Download or read book The Serpent King written by Jeff Zentner and published by Ember. This book was released on 2017-06-06 with total page 321 pages. Available in PDF, EPUB and Kindle. Book excerpt: Named to ten BEST OF THE YEAR lists and selected as a William C. Morris Award Winner,The Serpent King is the critically acclaimed, much-beloved story of three teens who find themselves--and each other--while on the cusp of graduating from high school with hopes of leaving their small-town behind. Perfect for fans of John Green's Turtles All the Way Down. "Move over, John Green; Zentner is coming for you." —The New York Public Library “Will fill the infinite space that was left in your chest after you finished The Perks of Being a Wallflower.” —BookRiot.com Dill isn't the most popular kid at his rural Tennessee high school. After his father fell from grace in a public scandal that reverberated throughout their small town, Dill became a target. Fortunately, his two fellow misfits and best friends, Travis and Lydia, have his back. But as they begin their senior year, Dill feels the coils of his future tightening around him. His only escapes are music and his secret feelings for Lydia--neither of which he is brave enough to share. Graduation feels more like an ending to Dill than a beginning. But even before then, he must cope with another ending--one that will rock his life to the core. Debut novelist Jeff Zentner provides an unblinking and at times comic view of the hard realities of growing up in the Bible belt, and an intimate look at the struggles to find one’s true self in the wreckage of the past. “A story about friendship, family and forgiveness, it’s as funny and witty as it is utterly heartbreaking.” —PasteMagazine.com “A brutally honest portrayal of teen life . . . [and] a love letter to the South from a man who really understands it.” —Mashable.com “I adored all three of these characters and the way they talked to and loved one another.”—New York Times

Book City on the Verge

    Book Details:
  • Author : Mark Pendergrast
  • Publisher : Basic Books
  • Release : 2017-05-16
  • ISBN : 0465094988
  • Pages : 463 pages

Download or read book City on the Verge written by Mark Pendergrast and published by Basic Books.
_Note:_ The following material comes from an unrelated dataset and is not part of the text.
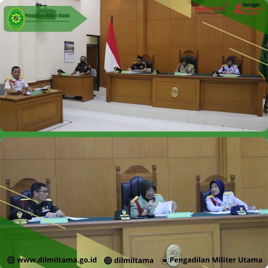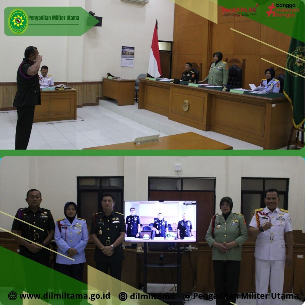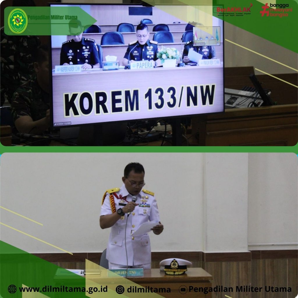 Persidangan dipimpin oleh Mayor Jenderal TNI Faridah Faisal, S.H., M.H. selaku Ketua Majelis, serta Brigadir Jenderal TNI Dr. Esron Sinambela, S.S., S.H., M.H. dan Marsekal Pertama TNI Evi Zuraida, S.H., M.H. masing-masing sebagai Hakim Anggota dan dihadiri oleh Wakil Oditur Jenderal TNI Laksamana Pertama TNI Dr. Marimin, S.H., M.M., M.H. serta Komandan Korem 133/Nani Wartabone Brigadir Jenderal TNI Hardo Sihotang yang hadir secara daring melalui saluran zoom meeting. Seluruh rangkaian persidangan berlangsung tertib, aman, dan lancar, dengan tetap menjunjung tinggi prinsip independensi peradilan, transparansi, dan akuntabilitas.

This book was released on 2017-05-16 with total page 463 pages. Available in PDF, EPUB and Kindle. Book excerpt: What we can learn from Atlanta's struggle to reinvent itself in the 21st Century Atlanta is on the verge of tremendous rebirth-or inexorable decline. A kind of Petri dish for cities struggling to reinvent themselves, Atlanta has the highest income inequality in the country, gridlocked highways, suburban sprawl, and a history of racial injustice. Yet it is also an energetic, brash young city that prides itself on pragmatic solutions. Today, the most promising catalyst for the city's rebirth is the BeltLine, which the New York Times described as "a staggeringly ambitious engine of urban revitalization." A long-term project that is cutting through forty-five neighborhoods ranging from affluent to impoverished, the BeltLine will complete a twenty-two-mile loop encircling downtown, transforming a massive ring of mostly defunct railways into a series of stunning parks connected by trails and streetcars. Acclaimed author Mark Pendergrast presents a deeply researched, multi-faceted, up-to-the-minute history of the biggest city in America's Southeast, using the BeltLine saga to explore issues of race, education, public health, transportation, business, philanthropy, urban planning, religion, politics, and community. An inspiring narrative of ordinary Americans taking charge of their local communities, City of the Verge provides a model for how cities across the country can reinvent themselves.